:: Exercise requirements ::
Return exactly the lines below, starting with the one that has "Румянцевские чтения - 2025" and going on through the one that has "먼저 선납이연의 대표적인".

*** Opening Extracted material ***

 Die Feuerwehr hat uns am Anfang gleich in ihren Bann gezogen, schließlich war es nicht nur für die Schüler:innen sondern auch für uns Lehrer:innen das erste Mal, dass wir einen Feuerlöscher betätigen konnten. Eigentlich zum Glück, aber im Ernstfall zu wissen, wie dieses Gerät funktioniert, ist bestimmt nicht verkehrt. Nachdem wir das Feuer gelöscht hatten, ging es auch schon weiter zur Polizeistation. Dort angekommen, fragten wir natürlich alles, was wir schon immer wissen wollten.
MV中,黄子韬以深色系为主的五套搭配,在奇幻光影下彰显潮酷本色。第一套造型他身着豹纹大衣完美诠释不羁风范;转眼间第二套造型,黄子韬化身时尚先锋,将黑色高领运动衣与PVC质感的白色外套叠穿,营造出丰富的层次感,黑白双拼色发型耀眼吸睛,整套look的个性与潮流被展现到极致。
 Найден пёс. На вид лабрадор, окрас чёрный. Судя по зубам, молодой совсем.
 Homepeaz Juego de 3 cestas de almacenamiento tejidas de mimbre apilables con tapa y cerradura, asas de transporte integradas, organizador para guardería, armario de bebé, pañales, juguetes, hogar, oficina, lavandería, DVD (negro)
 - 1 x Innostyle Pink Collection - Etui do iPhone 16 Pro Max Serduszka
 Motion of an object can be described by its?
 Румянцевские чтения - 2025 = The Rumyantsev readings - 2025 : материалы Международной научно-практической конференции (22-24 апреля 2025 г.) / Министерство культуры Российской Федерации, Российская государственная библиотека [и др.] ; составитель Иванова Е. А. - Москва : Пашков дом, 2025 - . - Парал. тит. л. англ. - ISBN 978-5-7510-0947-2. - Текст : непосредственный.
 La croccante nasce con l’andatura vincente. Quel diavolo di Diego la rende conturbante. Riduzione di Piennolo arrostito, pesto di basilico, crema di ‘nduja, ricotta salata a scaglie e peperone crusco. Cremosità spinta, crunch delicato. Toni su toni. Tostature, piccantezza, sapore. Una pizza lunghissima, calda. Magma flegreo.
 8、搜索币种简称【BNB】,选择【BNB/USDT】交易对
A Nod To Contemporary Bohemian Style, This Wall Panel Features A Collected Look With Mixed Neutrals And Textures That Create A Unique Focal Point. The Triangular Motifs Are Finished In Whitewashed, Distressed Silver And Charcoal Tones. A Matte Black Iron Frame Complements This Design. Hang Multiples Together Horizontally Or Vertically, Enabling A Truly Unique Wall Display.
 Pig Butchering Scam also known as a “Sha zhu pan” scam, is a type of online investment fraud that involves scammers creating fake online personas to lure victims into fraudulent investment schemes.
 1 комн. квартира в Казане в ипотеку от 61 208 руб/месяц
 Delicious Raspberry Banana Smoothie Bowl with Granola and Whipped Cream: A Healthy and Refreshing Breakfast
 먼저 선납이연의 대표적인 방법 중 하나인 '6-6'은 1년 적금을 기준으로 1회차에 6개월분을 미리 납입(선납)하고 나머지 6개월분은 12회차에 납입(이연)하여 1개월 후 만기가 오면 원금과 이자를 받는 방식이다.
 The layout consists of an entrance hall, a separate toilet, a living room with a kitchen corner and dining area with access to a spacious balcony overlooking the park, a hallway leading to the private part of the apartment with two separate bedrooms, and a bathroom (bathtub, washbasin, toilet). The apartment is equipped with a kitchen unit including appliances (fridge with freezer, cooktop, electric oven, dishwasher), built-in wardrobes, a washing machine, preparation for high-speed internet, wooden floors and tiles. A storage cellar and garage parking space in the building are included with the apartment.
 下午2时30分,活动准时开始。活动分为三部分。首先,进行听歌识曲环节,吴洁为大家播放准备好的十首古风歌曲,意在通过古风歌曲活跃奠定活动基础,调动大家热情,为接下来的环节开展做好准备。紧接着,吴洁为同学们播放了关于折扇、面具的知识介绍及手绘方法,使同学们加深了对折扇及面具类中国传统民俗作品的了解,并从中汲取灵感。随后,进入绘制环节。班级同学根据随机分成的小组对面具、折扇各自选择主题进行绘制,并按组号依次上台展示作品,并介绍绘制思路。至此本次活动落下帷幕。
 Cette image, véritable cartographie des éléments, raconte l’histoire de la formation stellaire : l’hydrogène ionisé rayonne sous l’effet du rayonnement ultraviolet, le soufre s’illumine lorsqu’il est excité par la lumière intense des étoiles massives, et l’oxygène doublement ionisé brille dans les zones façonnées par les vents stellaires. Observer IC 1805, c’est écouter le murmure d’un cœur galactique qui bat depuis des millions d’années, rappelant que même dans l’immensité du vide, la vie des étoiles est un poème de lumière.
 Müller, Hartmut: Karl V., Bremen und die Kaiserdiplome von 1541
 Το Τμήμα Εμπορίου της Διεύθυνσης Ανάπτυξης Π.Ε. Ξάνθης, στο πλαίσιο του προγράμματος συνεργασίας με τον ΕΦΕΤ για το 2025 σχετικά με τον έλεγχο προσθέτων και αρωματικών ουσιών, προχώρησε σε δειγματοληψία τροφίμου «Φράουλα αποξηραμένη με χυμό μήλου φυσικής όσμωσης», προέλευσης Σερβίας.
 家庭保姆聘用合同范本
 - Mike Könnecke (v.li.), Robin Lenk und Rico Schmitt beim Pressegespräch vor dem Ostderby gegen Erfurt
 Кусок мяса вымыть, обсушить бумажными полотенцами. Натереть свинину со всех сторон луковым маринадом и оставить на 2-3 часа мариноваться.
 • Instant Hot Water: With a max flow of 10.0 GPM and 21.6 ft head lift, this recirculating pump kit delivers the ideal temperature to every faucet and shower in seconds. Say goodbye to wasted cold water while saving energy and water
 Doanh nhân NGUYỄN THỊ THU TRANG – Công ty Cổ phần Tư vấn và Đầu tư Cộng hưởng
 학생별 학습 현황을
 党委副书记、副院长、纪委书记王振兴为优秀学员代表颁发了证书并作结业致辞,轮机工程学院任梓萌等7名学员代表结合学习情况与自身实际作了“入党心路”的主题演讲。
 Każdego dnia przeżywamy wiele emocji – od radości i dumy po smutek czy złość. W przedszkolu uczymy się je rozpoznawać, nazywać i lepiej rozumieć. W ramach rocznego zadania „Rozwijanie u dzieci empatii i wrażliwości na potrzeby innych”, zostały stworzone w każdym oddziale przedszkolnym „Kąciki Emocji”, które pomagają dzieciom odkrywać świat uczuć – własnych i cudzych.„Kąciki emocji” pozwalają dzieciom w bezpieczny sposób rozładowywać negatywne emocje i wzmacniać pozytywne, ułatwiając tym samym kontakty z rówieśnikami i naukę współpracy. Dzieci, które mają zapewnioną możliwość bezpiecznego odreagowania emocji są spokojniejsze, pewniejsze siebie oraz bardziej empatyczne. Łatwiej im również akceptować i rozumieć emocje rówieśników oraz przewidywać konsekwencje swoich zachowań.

*** Closing Extracted material ***

:: Task response ::
 Румянцевские чтения - 2025 = The Rumyantsev readings - 2025 : материалы Международной научно-практической конференции (22-24 апреля 2025 г.) / Министерство культуры Российской Федерации, Российская государственная библиотека [и др.] ; составитель Иванова Е. А. - Москва : Пашков дом, 2025 - . - Парал. тит. л. англ. - ISBN 978-5-7510-0947-2. - Текст : непосредственный.
 La croccante nasce con l’andatura vincente. Quel diavolo di Diego la rende conturbante. Riduzione di Piennolo arrostito, pesto di basilico, crema di ‘nduja, ricotta salata a scaglie e peperone crusco. Cremosità spinta, crunch delicato. Toni su toni. Tostature, piccantezza, sapore. Una pizza lunghissima, calda. Magma flegreo.
 8、搜索币种简称【BNB】,选择【BNB/USDT】交易对
A Nod To Contemporary Bohemian Style, This Wall Panel Features A Collected Look With Mixed Neutrals And Textures That Create A Unique Focal Point. The Triangular Motifs Are Finished In Whitewashed, Distressed Silver And Charcoal Tones. A Matte Black Iron Frame Complements This Design. Hang Multiples Together Horizontally Or Vertically, Enabling A Truly Unique Wall Display.
 Pig Butchering Scam also known as a “Sha zhu pan” scam, is a type of online investment fraud that involves scammers creating fake online personas to lure victims into fraudulent investment schemes.
 1 комн. квартира в Казане в ипотеку от 61 208 руб/месяц
 Delicious Raspberry Banana Smoothie Bowl with Granola and Whipped Cream: A Healthy and Refreshing Breakfast
 먼저 선납이연의 대표적인 방법 중 하나인 '6-6'은 1년 적금을 기준으로 1회차에 6개월분을 미리 납입(선납)하고 나머지 6개월분은 12회차에 납입(이연)하여 1개월 후 만기가 오면 원금과 이자를 받는 방식이다.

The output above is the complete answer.